SVM (Support Vector Machine) is a popular machine-based learning method, with wide applicabilityand excellent generalization performance in a large number of real-time classificationproblems.However,SVMis sensitive to the noise and outliers.As an improved algorithm based onSVM, FSVM (Fuzzy Support Vector Machine) gives the training samples different fuzzy membershipvalues in order to reduce the interference of the noise and outliers.However, like the normalSVM algorithm, the FSVM algorithm still needs to solve the problems such as how to improve theaccuracy of classification and how to accurately recognize the noise and outliers. In this paper, animprovedFSVMof data classification algorithm (IFSVM) hasbeen proposed.Firstly, this algorithmdeletes the outliers or noise based on the average density algorithm and removes them from thesamples, thus avoiding the influence of the noise to the classification accuracy. Secondly, the centersand radiuses of the two minimum hyperspheres are extracted based on the SVDD algorithm.Finally, this algorithm sets the membership function values by comparing the distance betweeneach sample and the center of the sample's hypersphere, the distance between the sample and theopposite hypersphere center, and the distance between the two hypersphere centers. In thisway,this algorithm highlights the importance of the boundary vectors,which could be support vectorsfor classification,andimproves the classification accuracy.The experimental resultsshowthat thisalgorithm has improved the anti-noise ability and the accuracy of classification when comparedwith the normal SVM algorithm and three other FSVM algorithms.

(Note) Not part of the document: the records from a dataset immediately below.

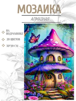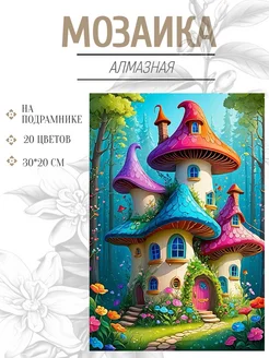 алмазная мозаика 20*30 см на подрамнике "грибной домик"
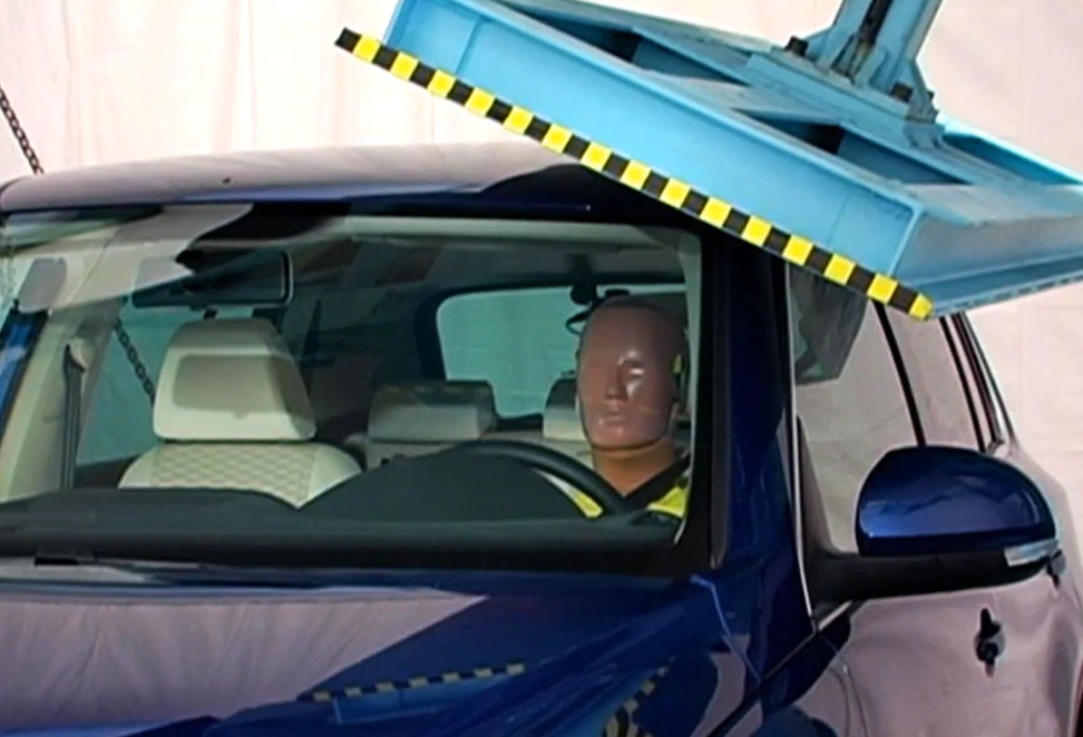 车顶强度测试的方法并不复杂,参考测试车重量给予车顶一定比例载荷,如果车顶所承受的载荷是重量的4倍,就属于优秀评价。如果没记错的话这个标准是国标要求的4倍,换句话说是辆车都能满足国标,现在知道为什么有些车国产后就减配吧,因为咱们国标实在是太宽松了!
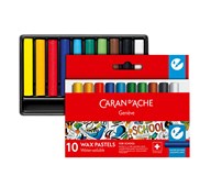 15 st/ask. Caran d'Ache Classic. Vattenlösliga vaxkritor i högsta kvalitet. Mycket mjuka och följsamma. Alla färger kan lätt blandas till nya nyanser. Lämpliga för olika tekniker och material. Kan målas över med vatten eller användas direkt på fuktat papper. PVC-fri. Från 3 år.
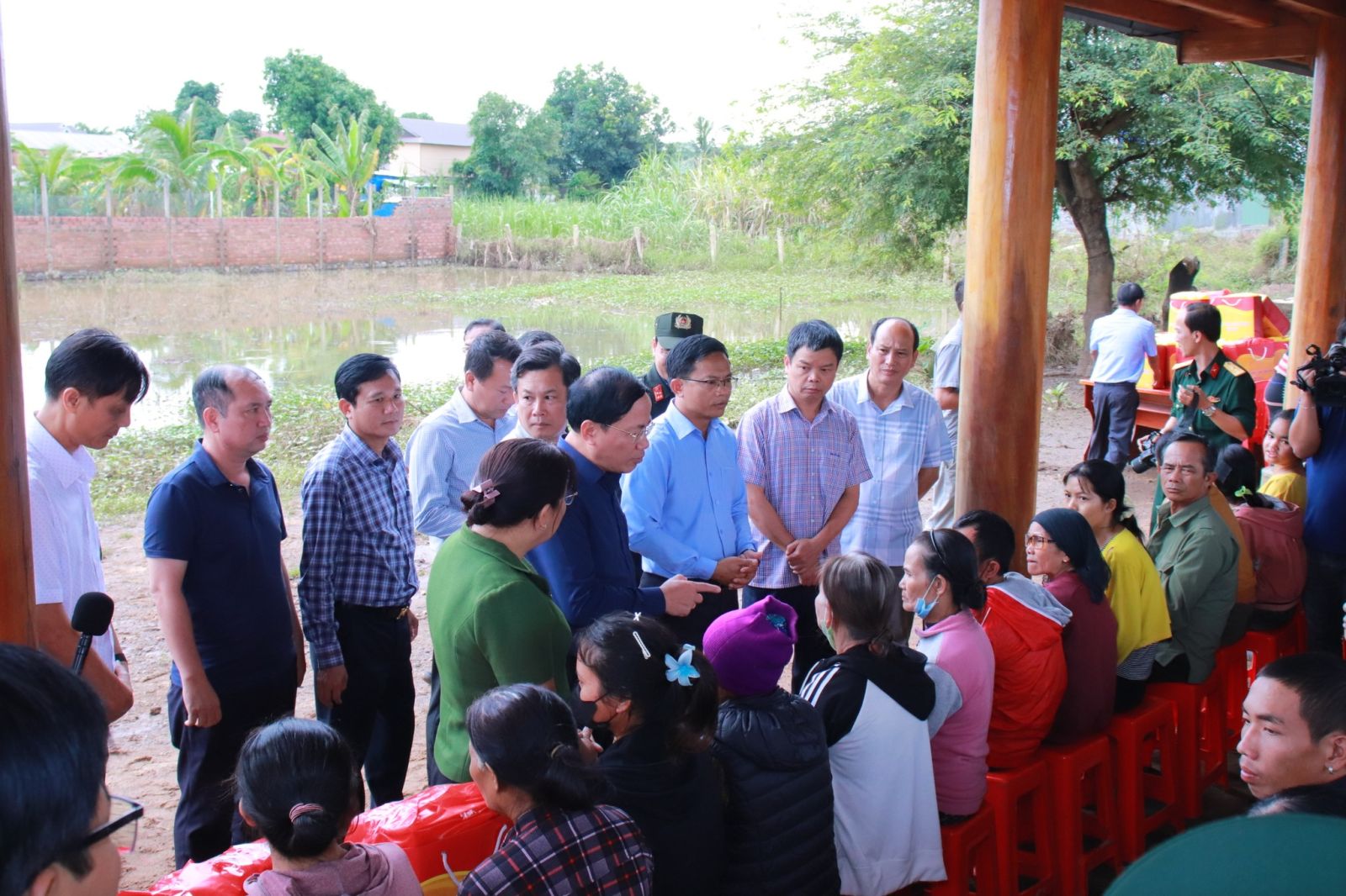 Đồng chí Phạm Anh Tuấn - Phó Bí thư Tỉnh uỷ, Chủ tịch UBND tỉnh (áo xanh đậm, đứng thứ 3 từ phải qua) thăm hỏi, động viên bà con nhân dân của xã bị thiệt hại trong đợt ngập lụt vừa qua.
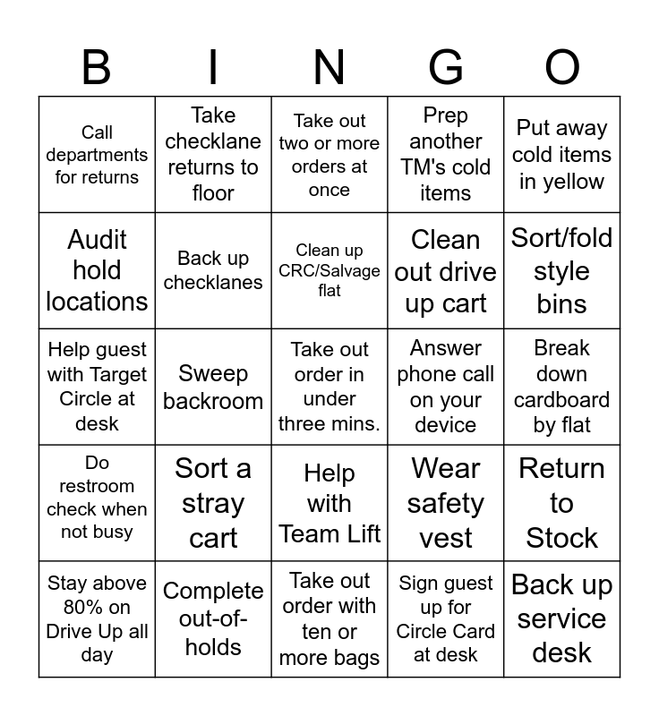 This bingo card has a free space and 24 words: Sort a stray cart, Complete out-of-holds, Clean up CRC/Salvage flat, Stay above 80% on Drive Up all day, Put away cold items in yellow, Call departments for returns, Audit hold locations, Take checklane returns to floor, Answer phone call on your device, Help with Team Lift, Clean out drive up cart, Help guest with Target Circle at desk, Wear safety vest, Return to Stock, Back up checklanes, Sign guest up for Circle Card at desk, Break down cardboard by flat, Take out two or more orders at once, Sort/fold style bins, Sweep backroom, Back up service desk, Do restroom check when not busy, Prep another TM's cold items and Take out order with ten or more bags.
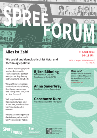 : Dienstag in Berlin: Alles ist Zahl – Wie sozial und demokratisch ist Netz- und Technologiepolitik? Am Dienstag den 9. April 2013 wird in Berlin-Oberschöneweide das Forschungs- und Weiterbildungszentrum Kultur und Informatik an der Hochschule für Technik und Wirtschaft Berlin eröffnet. Wissenschaftliche Projektleiterin ist Constanze Kurz, Informatikerin, Sachbuchautorin und Sprecherin des Chaos Computer Club. Ab 13 Uhr ist feierliche Eröffnung mit Grußwort, Besichtigung und Get Together, und ab 16 Uhr findet […]
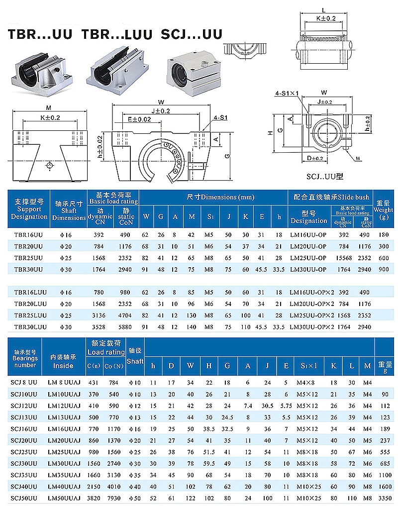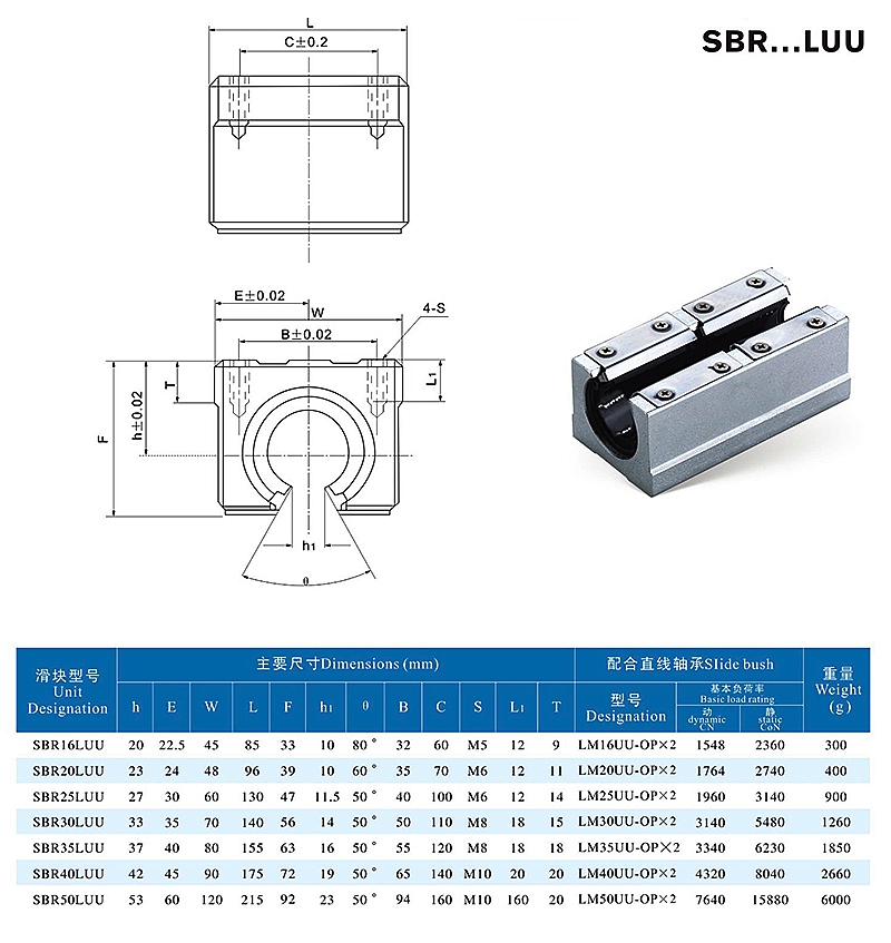 Note: Custom sizes are available for non-standard equipment. The extended SBR LUU shares the same mounting hole specifications as the standard SBR UU, enabling direct replacement. Its load-bearing parameters meet industrial standards, and it is compatible with optical shafts of the same diameter, requiring no adjustments to the equipment structure after replacement.
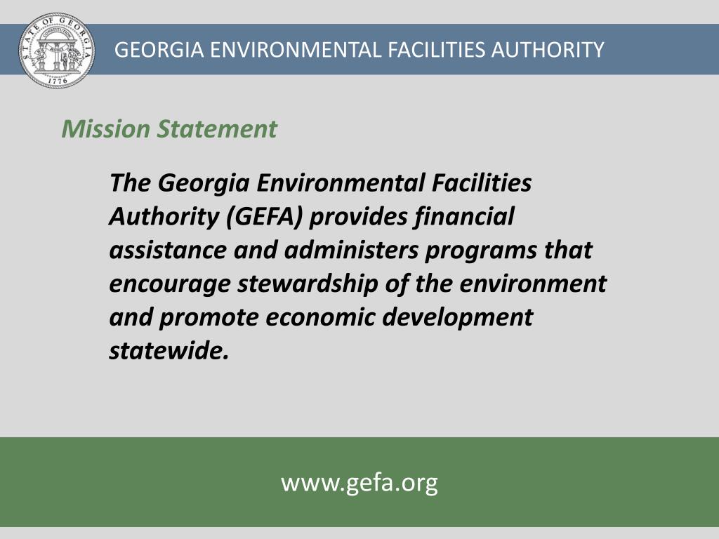 GEORGIA ENVIRONMENTAL FACILITIES AUTHORITY Mission Statement The Georgia Environmental Facilities Authority (GEFA) provides financial assistance and administers programs that encourage stewardship of the environment and promote economic development statewide. www.gefa.org
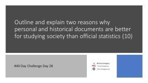 Another form of 10 mark Theory and methods question is a comparison between two different forms of research methods. This was seen on Paper 3 in 2017 where the question asked to compare overt and covert participant observation with the premise that overt was preferable to covert. This presents a few problems for students who have learnt research methods in isolation and is worth practising in the run up to exams. doing these types of questions serves a secondary function of enabling student to develop their skills of evaluation for potential research methods only essays – ‘advantages of unstructured interviews in 2018 relied upon the disadvantages of that method as evaluation. So, a more complex 10 marker today, looking at secondary sources.
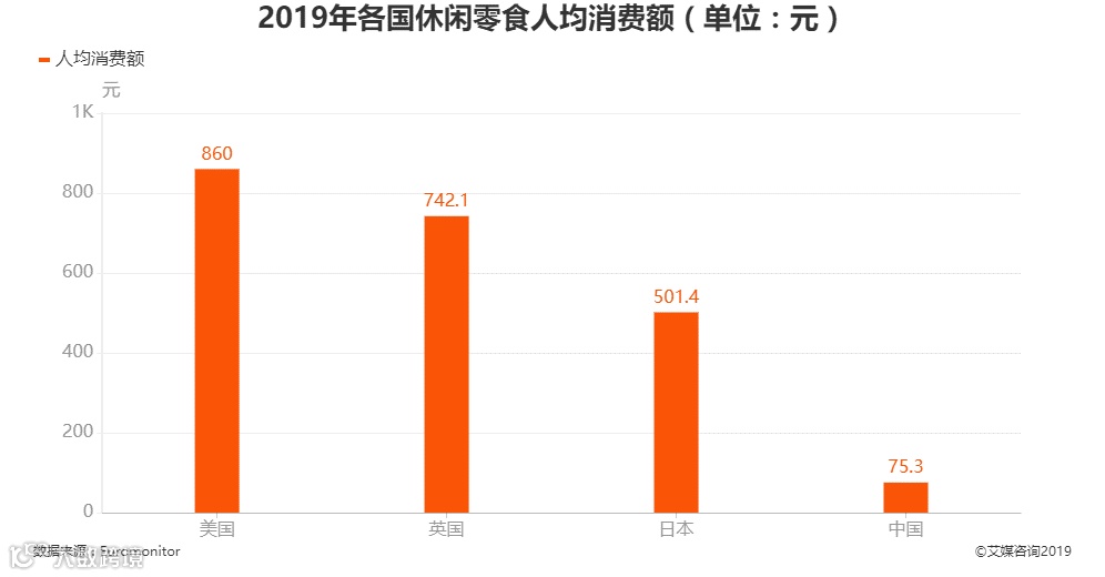 2019年美国零食人均消费额高达860元,英国为742.1元,而我国仅为75.3元。就连与我国社会和饮食文化最接近的日本,零食人均消费额也高达501.4元,是我国的6倍多。
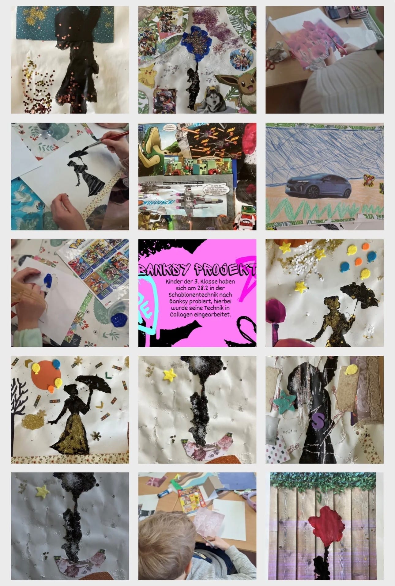 Im Rahmen unserer Kultur- und Medienarbeit haben wir am Freitag, den 28.02.25 ein kreatives Angebot in Klasse 3 durchgeführt. In diesem haben wir uns mit dem Künstler Banksy und seiner Schablonentechnik beschäftigt. Diese haben wir in Fotocollage eingearbeitet. Die Werke der Kinder sind in Originalgröße im Schaukasten vor der Bibliothek zu finden.
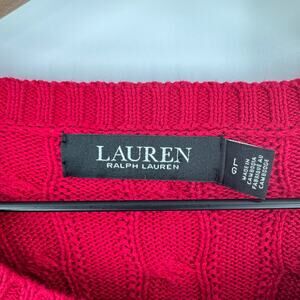 Lauren Ralph Lauren Red Cable Knit Sweater Gold Crest Logo Patch Size Large
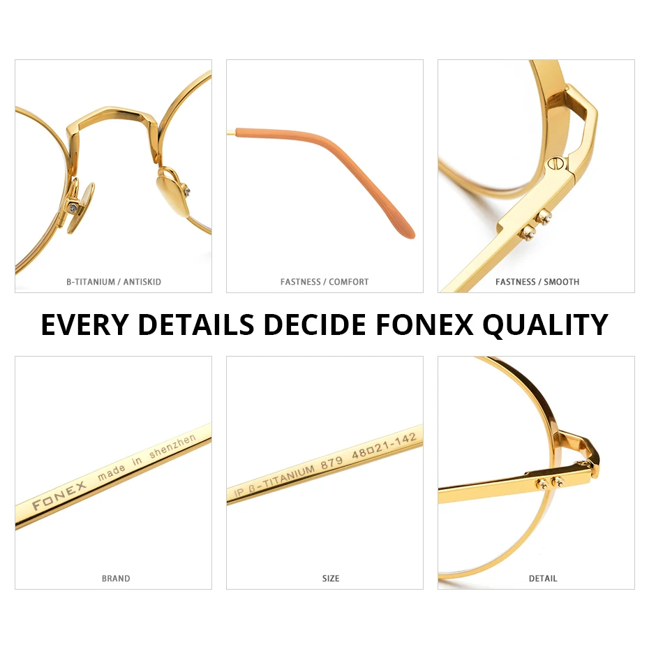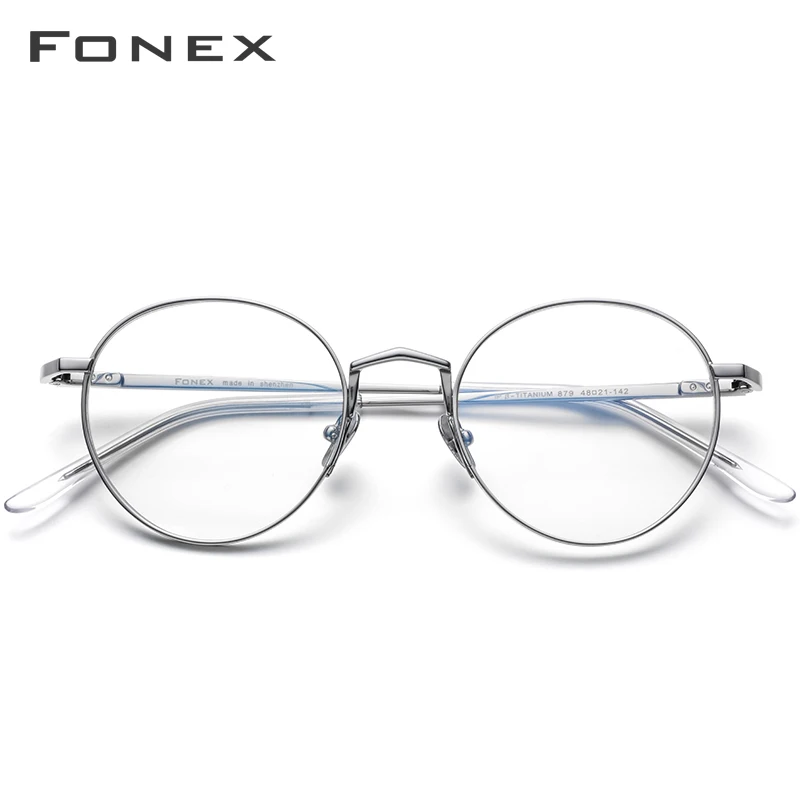 FONEX Occhiali da vista in titanio Montatura da donna Occhiali da vista rotondi vintage ultraleggeri da uomo Occhiali da vista retrò giapponesi di alta qualità 879
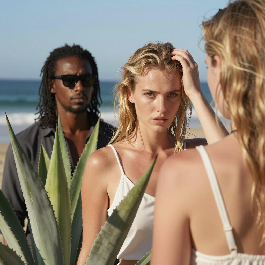Two people. The man on the right has a dark-skinned face with intricate black tribal tattoos covering his cheek, ear, and forehead. His expression is serious. The woman on the left has light skin, dark hair, and green eyes, with a neutral expression. Background is red. The man's tattoos are complex swirls and geometric patterns. Two people.
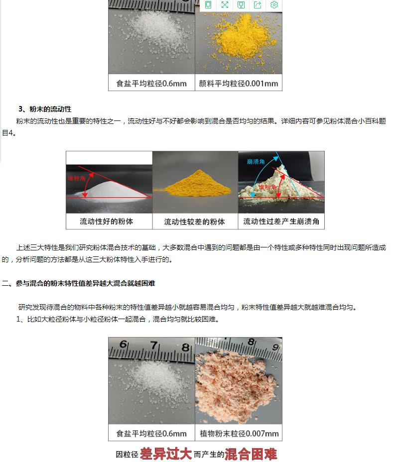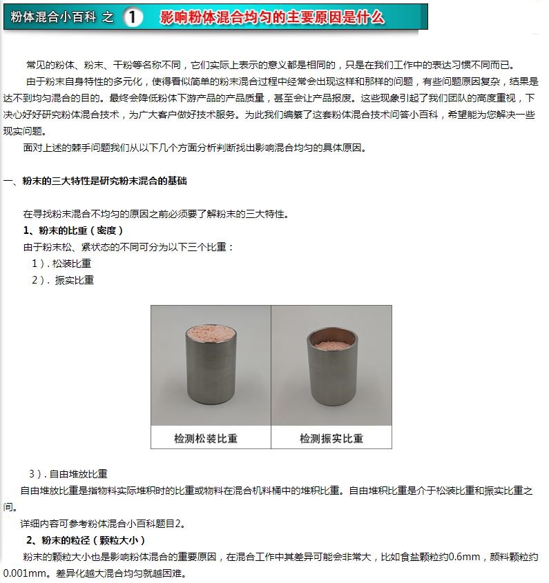 解決方法是混合之前要針對這樣的粉體做相應(yīng)的混前預(yù)處理。詳細內(nèi)容參見粉體混合小百科題目7.

机译:SVM(支持向量机)是一种流行的基于机器的学习方法,适用性广泛以及大量实时分类中的优秀概括性表现问题。但是,SVMI对噪声和异常值敏感。基于的改进算法SVM,FSVM(模糊支持向量机)为培训样本提供了不同的模糊会员资格值,以减少噪声和异常值的干扰。然而,像正常一样SVM算法,FSVM算法仍然需要解决如何改进的问题分类准确性以及如何准确识别噪声和异常值。在本文中,一个PastBeen的DircleSFSVMOF数据分类算法(IFSVM)提出。本算法基于平均密度算法删除异常值或噪声并从中删除它们样品,从而避免噪声对分类准确性的影响。其次,中心基于SVDD算法提取两个最小超负力的半径。最后,该算法通过比较之间的距离来设置隶属函数值每个样品和样本的低间隙,样品之间的距离和相对的间谍中心,以及两个边距中心之间的距离。这样,该算法突出了边界向量的重要性,这可能是支持向量对于分类,AndimProves分类准确性。实验结果表明这一点算法在比较时提高了抗噪声能力和分类的准确性采用正常的SVM算法和三种其他FSVM算法。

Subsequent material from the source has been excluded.